Figure 72. Seismic and infrasound signals indicated increased explosive and pyroclastic flow activity at Sangay on 7-8 June 2020. Left: SAGA station (seismic component) of 7 and 8 June. The signals correspond to explosions without VT or tremor signals, suggesting the rise of a new magma pulse. Right: SAGA station infrasound sensor log from 8 June. The sharp explosion signals are followed a few minutes later (examples highlighted in red) by emergent signals of longer duration, possibly associated with the descent of pyroclastic material in the SE flank ravine. Courtesy if IG-EPN (Informe Especial del Volcán Sangay - 2020 - N°3, “Actualización de la actividad eruptiva”, Quito, 12 de junio del 2020).

On the evening of 8 June ashfall was reported in the parish of Cebadas and in the Alausí Canton to the W and SW of Sangay. There were several reports of gas and ash emissions to 1,770 m above the summit the next morning on 9 June, followed by reports of ashfall in the provinces of Guayas, Santa Elena, Los Ríos, Morona Santiago, and Chimborazo. Ashfall continued in the afternoon and was reported in Alausí, Chunchi, Guamote, and Chillanes. That night, which was clear, the webcam captured images of pyroclastic flows down the SE-flank ravine; IG attributed the increase in activity to the collapse of one or more lava fronts. On the evening of 10 June additional ashfall was reported in the towns of Alausí, Chunchi, and Guamote (figure 73); satellite imagery indicated an ash plume drifting W and incandescence from pyroclastic flows in the SE-flank ravine the same day (figure 74).

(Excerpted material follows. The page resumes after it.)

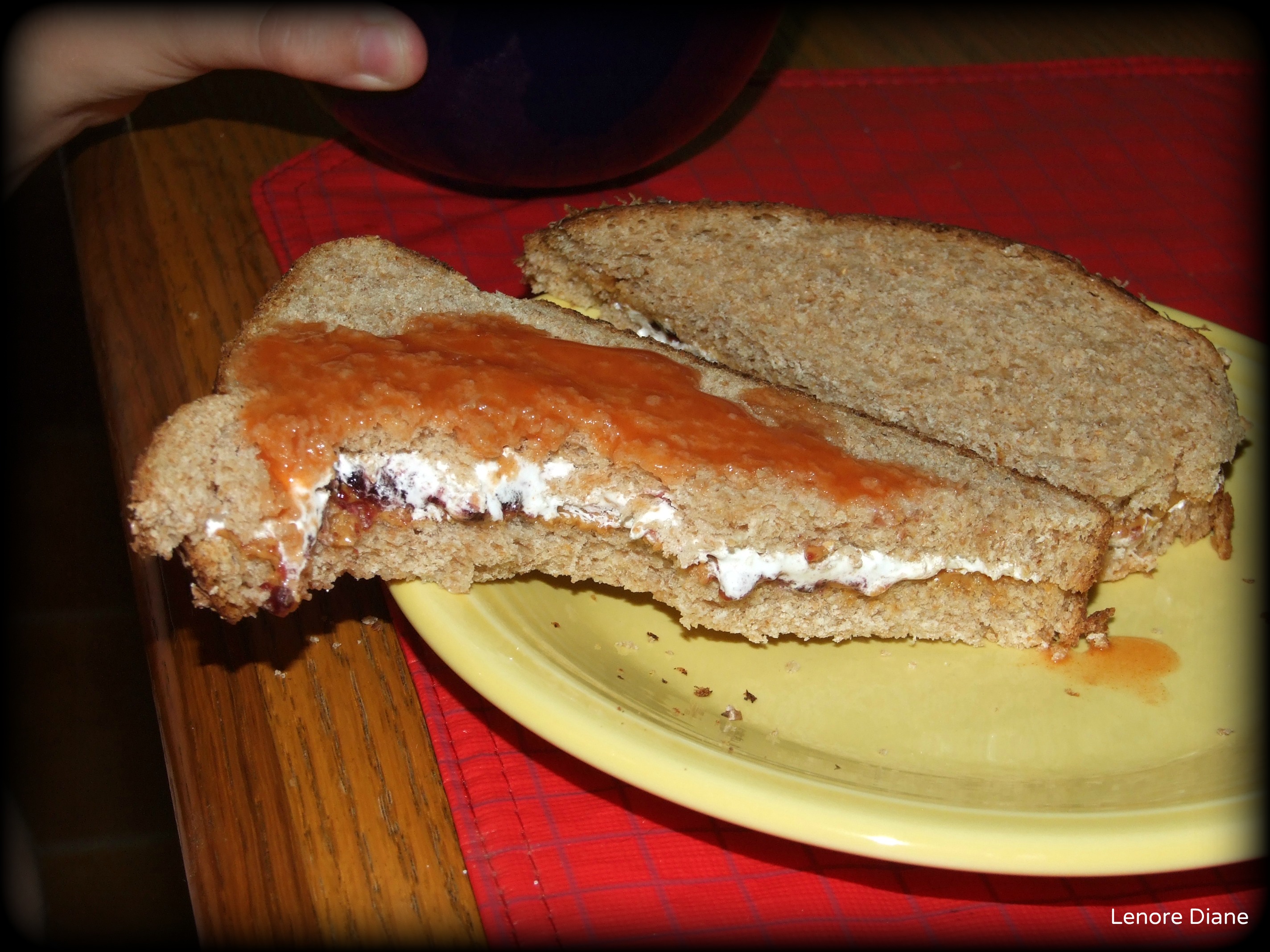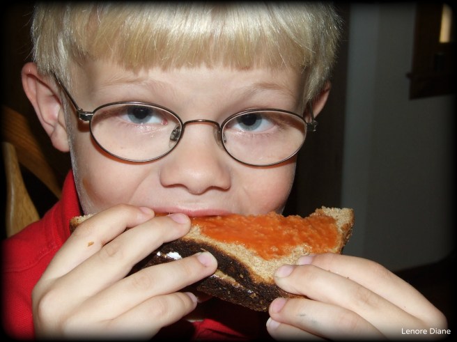 I’ve never had tomato soup with–let alone ON–my peanut butter sandwich. He reminds me of my granddaughter, always trying something new.

Figure 73. Ashfall from Sangay was reported in Alausí (top left), Chunchi (top right) and Guamote (bottom) on 10 June 2020. Courtesy of IG-EPN (#IGAlInstante Informativo VOLCÁN SANGAY No. 049, MIÉRCOLES, 10 JUNIO 2020).

Figure 74. Incandescent pyroclastic flows (left) and ash plumes that drifted W (right) were recorded on 10 June 2020 at Sangay in Sentinel-2 satellite imagery. Courtesy of Sentinel Hub Playground.

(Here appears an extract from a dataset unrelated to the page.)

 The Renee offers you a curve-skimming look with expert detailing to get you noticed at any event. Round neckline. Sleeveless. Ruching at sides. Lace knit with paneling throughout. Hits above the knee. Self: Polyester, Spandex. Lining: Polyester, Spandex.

Ashfall continued on 11 June and was reported in Guayaquil, Guamote, Chunchi, Riobamba, Guaranda, Chimbo, Echandía, and Chillanes. The highest ash plume of the report period rose to 2,800 m above the summit that day and drifted SW. That evening the SNGRE (Servicio Nacional de Gestion de Riesgos y Emergencias) reported ash fall in the Alausí canton. IG noted the increase in intensity of activity and reported that the ash plume of 11 June drifted more than 600 km W (figure 75). Ash emissions on 12 and 13 June drifted SW and NW and resulted in ashfall in the provinces of Chimborazo, Cotopaxi, Tungurahua, and Bolívar. On 14 June, the accumulation of ash interfered with the transmission of information from the seismic station. Lahars were reported each day during 15-17 and 19-21 June. Trace amounts of ashfall were reported in Macas to the SE on 25 June.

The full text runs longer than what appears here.